SP: I think that there are opportunities at every level within Canada.  You’ve got a really good startup culture in Canada across a number of different geos. 

From a sector perspective, I’d say the bulk of our focus is going to be on enterprise software, consumer software, and opportunistically, on hardware-embedded software opportunities.

I think the focus in Canada has to be on innovation.  VCs want to fund companies that are truly innovative in Canada, and I don’t know if we have the level of innovation in Canada that maybe we think we have.  I think we can certainly improve on that a lot.

What do you mean by that?

SP: There are a lot of ‘me-too’ companies, ones that are making incremental changes to current technologies that may or may not be relevant.  This isn’t a Canadian issue by any means, this is an issue we’re seeing in the US as well: there are lots of solutions for problems that don’t really exist. 

You see a lot of really smart entrepreneurs. What they are doing today may not be what is ultimately fundable, and they are going to iterate and have some losses along the way. But ultimately and hopefully, they’re going to get to something that’s really going to be innovative.

Do you feel that being in Canada provides any unique opportunities for companies?

SP:  If you were to take a holistic view and look at Canada as a whole, areas of opportunity where we could be world-leading from a tech perspective, is in the FinTech sector. Our banks historically have done a reasonably good job of implementing technologies.  There is a need and a desire amongst our banking groups now to actually expedite that process and incorporate a lot more technology than they have historically, and given our position globally in the financial sector, there are many opportunities for entrepreneurs.

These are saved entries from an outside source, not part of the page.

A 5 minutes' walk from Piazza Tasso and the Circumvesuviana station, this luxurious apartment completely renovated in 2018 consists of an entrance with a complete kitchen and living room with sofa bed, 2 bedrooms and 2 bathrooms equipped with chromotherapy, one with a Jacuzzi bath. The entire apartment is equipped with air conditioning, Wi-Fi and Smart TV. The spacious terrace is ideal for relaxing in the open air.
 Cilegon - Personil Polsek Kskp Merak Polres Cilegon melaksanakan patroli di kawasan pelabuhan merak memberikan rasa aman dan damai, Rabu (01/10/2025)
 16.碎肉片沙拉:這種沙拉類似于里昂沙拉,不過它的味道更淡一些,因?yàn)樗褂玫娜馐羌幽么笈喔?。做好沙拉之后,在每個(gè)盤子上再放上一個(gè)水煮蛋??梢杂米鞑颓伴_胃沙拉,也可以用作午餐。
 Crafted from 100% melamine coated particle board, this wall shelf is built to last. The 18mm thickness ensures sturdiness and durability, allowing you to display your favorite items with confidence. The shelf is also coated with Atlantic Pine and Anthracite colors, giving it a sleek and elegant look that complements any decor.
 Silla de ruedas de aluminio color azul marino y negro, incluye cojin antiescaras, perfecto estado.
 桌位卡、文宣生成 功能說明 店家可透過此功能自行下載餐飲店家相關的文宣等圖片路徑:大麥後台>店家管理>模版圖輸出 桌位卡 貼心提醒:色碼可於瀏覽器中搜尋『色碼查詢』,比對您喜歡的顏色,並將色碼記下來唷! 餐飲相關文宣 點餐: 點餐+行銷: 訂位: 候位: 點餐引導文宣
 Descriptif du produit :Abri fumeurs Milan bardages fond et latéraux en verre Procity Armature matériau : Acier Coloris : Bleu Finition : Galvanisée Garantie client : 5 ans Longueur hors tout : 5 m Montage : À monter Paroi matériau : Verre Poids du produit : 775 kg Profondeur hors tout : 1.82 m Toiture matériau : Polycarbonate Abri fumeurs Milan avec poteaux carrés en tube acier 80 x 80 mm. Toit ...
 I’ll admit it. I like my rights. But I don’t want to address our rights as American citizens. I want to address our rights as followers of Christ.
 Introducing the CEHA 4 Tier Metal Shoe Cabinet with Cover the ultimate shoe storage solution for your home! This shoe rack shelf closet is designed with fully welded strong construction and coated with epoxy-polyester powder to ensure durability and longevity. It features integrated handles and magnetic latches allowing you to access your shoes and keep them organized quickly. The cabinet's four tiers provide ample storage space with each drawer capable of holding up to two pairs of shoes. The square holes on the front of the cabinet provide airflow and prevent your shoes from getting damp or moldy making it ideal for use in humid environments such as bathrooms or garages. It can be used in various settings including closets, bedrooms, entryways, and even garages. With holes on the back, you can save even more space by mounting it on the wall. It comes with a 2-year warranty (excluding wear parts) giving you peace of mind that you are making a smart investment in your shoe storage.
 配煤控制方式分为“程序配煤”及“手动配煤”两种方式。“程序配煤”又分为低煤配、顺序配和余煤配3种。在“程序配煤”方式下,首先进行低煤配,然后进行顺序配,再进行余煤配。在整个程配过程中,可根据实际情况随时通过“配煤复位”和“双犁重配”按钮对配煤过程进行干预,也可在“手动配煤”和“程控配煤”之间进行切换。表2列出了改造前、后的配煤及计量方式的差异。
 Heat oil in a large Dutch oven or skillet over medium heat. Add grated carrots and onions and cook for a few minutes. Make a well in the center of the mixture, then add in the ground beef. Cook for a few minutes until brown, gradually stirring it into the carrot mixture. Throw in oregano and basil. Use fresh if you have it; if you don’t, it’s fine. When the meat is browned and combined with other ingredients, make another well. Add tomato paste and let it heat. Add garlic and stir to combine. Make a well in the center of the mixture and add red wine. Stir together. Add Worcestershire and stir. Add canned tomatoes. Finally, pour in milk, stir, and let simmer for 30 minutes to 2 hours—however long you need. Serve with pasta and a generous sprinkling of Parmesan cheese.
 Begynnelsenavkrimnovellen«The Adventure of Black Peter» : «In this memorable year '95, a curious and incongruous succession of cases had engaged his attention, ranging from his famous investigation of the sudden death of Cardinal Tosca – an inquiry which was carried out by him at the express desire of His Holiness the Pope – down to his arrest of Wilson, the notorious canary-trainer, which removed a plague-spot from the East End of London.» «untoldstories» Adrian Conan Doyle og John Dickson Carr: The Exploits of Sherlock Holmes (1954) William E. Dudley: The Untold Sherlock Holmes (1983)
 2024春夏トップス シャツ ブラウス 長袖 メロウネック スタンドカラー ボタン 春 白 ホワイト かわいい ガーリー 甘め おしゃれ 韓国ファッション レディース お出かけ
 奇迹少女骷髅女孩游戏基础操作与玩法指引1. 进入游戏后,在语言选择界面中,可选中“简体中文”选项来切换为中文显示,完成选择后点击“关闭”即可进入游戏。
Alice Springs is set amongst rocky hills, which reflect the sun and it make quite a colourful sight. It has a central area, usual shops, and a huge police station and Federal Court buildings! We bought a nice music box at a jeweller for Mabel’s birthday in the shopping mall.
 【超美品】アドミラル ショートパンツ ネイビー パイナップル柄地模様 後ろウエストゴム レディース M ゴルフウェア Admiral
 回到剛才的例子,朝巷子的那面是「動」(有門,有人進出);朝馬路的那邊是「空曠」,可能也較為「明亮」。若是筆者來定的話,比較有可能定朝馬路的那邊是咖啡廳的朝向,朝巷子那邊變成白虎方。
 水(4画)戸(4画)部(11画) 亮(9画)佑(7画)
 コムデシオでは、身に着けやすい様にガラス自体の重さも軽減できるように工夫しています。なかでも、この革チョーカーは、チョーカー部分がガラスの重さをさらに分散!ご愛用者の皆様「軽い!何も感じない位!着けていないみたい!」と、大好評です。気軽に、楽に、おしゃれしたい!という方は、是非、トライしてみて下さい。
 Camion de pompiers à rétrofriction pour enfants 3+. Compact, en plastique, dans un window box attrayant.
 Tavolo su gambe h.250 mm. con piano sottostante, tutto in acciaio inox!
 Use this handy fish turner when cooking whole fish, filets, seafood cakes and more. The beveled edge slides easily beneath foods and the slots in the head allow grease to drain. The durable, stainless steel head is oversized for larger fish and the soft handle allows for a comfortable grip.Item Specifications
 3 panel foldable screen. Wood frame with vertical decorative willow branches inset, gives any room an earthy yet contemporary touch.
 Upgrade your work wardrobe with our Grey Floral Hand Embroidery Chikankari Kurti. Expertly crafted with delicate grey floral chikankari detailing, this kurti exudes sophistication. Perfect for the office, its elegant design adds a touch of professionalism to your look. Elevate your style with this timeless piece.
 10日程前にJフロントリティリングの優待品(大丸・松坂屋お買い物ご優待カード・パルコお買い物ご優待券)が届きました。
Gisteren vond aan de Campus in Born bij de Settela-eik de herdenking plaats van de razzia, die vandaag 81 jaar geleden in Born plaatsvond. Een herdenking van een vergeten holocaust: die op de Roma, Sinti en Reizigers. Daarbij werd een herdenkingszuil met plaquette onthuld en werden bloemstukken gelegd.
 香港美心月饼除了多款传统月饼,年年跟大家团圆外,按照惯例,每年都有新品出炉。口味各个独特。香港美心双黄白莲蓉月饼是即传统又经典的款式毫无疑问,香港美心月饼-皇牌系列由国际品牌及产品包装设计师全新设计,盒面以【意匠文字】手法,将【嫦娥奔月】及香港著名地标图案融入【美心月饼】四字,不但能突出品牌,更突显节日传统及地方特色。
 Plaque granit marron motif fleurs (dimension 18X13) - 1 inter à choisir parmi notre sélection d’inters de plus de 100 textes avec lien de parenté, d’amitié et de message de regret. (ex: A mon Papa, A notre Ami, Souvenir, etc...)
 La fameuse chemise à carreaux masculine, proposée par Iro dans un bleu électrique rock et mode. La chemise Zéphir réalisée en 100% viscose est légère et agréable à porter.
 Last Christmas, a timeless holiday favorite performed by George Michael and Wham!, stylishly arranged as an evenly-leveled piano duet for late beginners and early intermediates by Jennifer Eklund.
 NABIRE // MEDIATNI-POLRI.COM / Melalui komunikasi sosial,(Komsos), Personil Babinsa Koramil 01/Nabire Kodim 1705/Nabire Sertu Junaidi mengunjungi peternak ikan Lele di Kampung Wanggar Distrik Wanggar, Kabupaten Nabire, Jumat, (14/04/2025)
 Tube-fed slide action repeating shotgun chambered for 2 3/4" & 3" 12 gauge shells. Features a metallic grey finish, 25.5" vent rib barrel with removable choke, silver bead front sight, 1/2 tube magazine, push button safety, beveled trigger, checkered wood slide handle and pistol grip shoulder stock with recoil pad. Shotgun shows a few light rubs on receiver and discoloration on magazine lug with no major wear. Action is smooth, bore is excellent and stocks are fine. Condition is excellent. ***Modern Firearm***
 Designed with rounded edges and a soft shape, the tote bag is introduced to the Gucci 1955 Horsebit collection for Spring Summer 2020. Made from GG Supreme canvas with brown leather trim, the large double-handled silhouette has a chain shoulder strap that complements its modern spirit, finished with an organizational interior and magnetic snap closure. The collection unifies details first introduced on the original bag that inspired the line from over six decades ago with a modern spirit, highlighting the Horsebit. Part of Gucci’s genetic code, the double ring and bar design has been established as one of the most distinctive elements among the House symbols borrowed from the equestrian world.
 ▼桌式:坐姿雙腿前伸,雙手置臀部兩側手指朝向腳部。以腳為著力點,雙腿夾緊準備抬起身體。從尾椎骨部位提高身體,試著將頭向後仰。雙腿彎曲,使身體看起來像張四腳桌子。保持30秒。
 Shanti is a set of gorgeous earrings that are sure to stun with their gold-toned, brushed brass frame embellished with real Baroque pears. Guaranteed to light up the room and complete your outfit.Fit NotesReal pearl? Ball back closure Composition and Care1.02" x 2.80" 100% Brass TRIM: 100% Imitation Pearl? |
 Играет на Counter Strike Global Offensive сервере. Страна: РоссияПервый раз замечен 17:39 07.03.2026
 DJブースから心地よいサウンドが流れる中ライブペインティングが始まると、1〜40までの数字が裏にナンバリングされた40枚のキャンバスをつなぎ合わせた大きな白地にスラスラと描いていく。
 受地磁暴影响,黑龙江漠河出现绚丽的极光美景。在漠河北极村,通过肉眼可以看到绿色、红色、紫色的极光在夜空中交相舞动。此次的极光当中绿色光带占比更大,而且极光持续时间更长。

I know that cybersecurity and media are areas of interest for OMERS Ventures.  What are the opportunities in these domains?

JO: We consider ourselves to be a broad ‘TMT’ investor – tech, media, and telecom. In media, where we are most intrigued, is the emergence of new ad technologies, and in particular as being applied to video. In the next five years, there will be more video delivered over the Internet, and there will be an opportunity for some advertising capabilities in that regard.

Cybersecurity is another area we have been looking at, specifically in FinTech as Sid mentioned, and in particular what bitcoin and block chain capability bring in terms of differentiated opportunities. We hope to find a couple of investments for Fund II related to bitcoin and the block chain, and the security side of that whole paradigm.

Another thing I’ve heard mentioned regarding cybersecurity is the Internet of Things (IoT), and the proliferation of endpoints without security.  I understand this is something else that’s on your radar, right?

JO: We have spent quite a bit of time on IoT, and we have one investment in this area to date— Mojix.  The investment in Mojix came as a result of our deep understanding of the sector and its evolution, and a belief that there would be a further rollout of these connected points.

What do entrepreneurs who are now considering approaching you need to know?

SP: We’re looking for innovation, an innovative solution as opposed to a minor tweak on something else that is successful in the market today.  We are looking for companies that have a global opportunity and a strong management team.  The management team needs to have some evidence that they can execute on the vision.

You have also got to take a look at your business and understand where you are on the potential growth curve, and if you’re not forecasting exponential growth that is capital efficient it just may not be a VC-fundable company.